VIH : sur-risque cardiovaculaire signalé avec l’antiprotéase darunavir

Vincent Bargoin, avec Heather Boerner

Auteurs et déclarations

23 février 2017

Seattle, Etats-Unis — Une étude internationale présentée à la CROI (Conference on Retroviruses and Opportunistic Infections) 2017, suggère un risque cardiovasculaire accru du darunavir (Prezista®, Tibotec) un inhibiteur de protéase anti-VIH. Selon le Dr Lene Ryom (Université de Copenhague), qui présentait l’étude, le sur-risque serait de même ordre de grandeur qu’avec les inhibiteurs de protéase de première génération.

Les résultats sont issus des cohortes prospectives D:A:D (Data Collection on Adverse Events of Anti-HIV Drugs), mises en place en Amérique du Nord, Europe et Australie, et qui visent à détecter les éventuels effets secondaires cardiaques, hépatiques et rénaux des traitements anti-rétroviraux de l’infection VIH.

En 2008, l’étude D:A:D avait montré, sur quelques 33 000 personnes, un risque d’infarctus du myocarde fortement accru sous abacavir (Ziagen®, GlaxoSmithKline) et sous didanosine (Videx®, Bristol-Myers Squibb) par rapport aux autres inhibiteurs nucléosidiques de la transcriptase inverse.

En 2015, l’étude avait également montré un risque rénal du ténofovir, ainsi que des associations ritonavir (Norvir®, Abbott)-atazanavir (Reyataz®, BMS) et ritonavir-lopinavir (Kaletra®, Abbott).

Le traitement par darunavir, facteur indépendant du risque CV

Les nouveaux résultats concernent les infarctus du myocarde, les AVC, les interventions cardiaques invasives (pontage coronarien, angioplastie coronaire, endartériectomie carotidienne), et la mort subite d’origine cardiaque.

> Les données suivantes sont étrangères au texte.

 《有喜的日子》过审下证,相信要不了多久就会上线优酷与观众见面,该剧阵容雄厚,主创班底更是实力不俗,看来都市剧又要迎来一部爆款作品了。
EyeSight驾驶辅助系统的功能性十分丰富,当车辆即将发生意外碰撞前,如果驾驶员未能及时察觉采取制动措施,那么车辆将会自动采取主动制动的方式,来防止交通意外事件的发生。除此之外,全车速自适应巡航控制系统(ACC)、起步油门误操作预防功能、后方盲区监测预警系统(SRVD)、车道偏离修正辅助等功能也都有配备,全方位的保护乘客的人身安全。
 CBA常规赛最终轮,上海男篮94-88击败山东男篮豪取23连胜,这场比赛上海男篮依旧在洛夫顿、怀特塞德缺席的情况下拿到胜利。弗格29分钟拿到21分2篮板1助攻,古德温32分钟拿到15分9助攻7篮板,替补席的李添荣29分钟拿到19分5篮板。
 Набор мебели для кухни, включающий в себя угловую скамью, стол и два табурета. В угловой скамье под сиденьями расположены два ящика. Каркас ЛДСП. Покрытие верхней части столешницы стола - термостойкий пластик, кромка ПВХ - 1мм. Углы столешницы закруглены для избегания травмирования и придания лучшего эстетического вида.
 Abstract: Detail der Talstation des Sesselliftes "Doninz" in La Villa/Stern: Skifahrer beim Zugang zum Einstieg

L’analyse porte sur les évènements survenus chez plus de 35 000 sujets depuis 2009. 1157 évènements ont été recensés durant un suivi médian de 7 ans.

Le risque d’évènement CV parait augmenter de 59% par période de 5 ans passée sous traitement au darunavir boosté au ritonavir.

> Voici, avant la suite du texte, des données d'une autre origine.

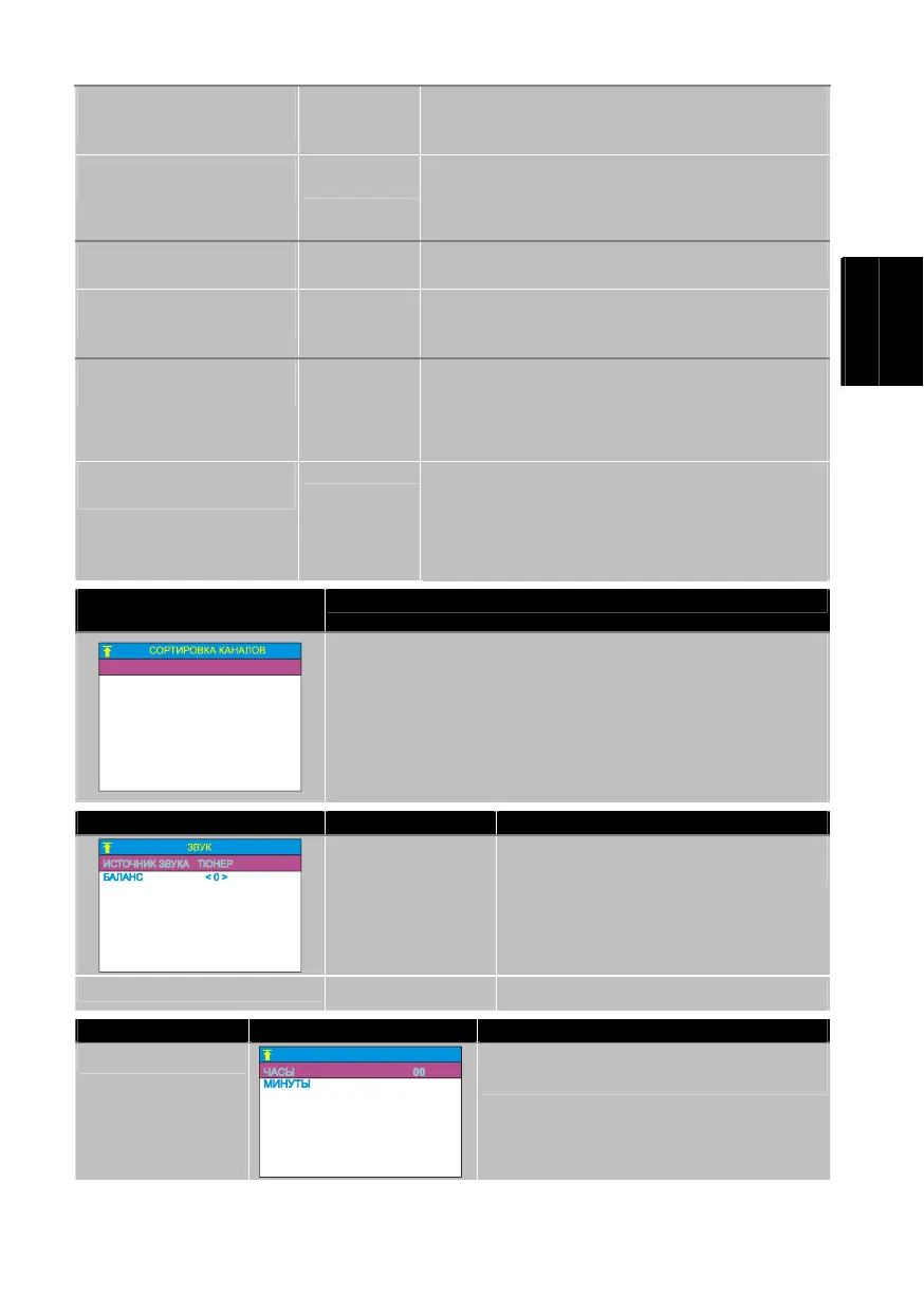 Меню ЗВУК Пункт меню Описание

Après ajustements pour un diabète à l’inclusion, l’IMC, la dyslipidémie, ainsi que le taux de CD4, le risque d’évènement CV parait augmenter de manière quasi linéaire, de 59% par période de 5 ans passée sous traitement au darunavir boosté au ritonavir.

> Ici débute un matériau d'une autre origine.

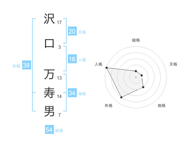 沢口 万寿男さんの外格は38画の4点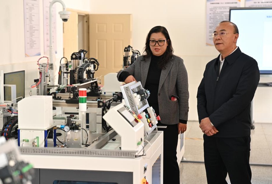 在职业学院,孙勇查看冶金虚拟仿真、京东物流、磁电选矿等实训室,听取办学运营及改革发展情况汇报。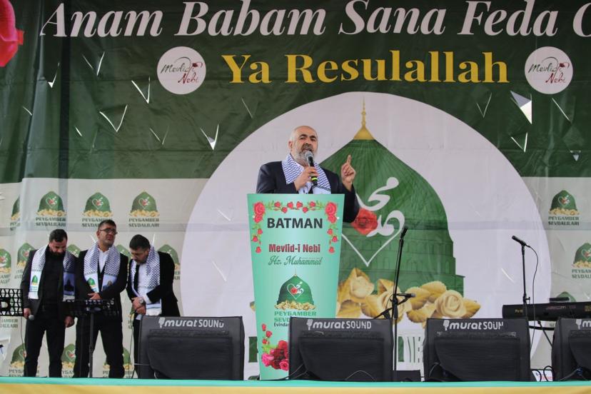Peygamber Sevdalıları Vakfı tarafından Hazreti Muhammed'i (sallallahu aleyhi vesellem) anma ve sünnetini yaşama amacıyla Batman'da otogar yanı Mevlid Alanı'nda Mevlid-i Nebi mitingi düzenlendi.

Cette progression du risque n’est pas observée chez les sujets traités par atazanavir boosté au ritonavir.

Après ajustements supplémentaires pour le tabagisme, la fonction hépatique, la fonction rénale et l’évolution des CD4, le sur-risque d’évènement CV sous darunavir continue d’augmenter de 53% par période de 5 ans.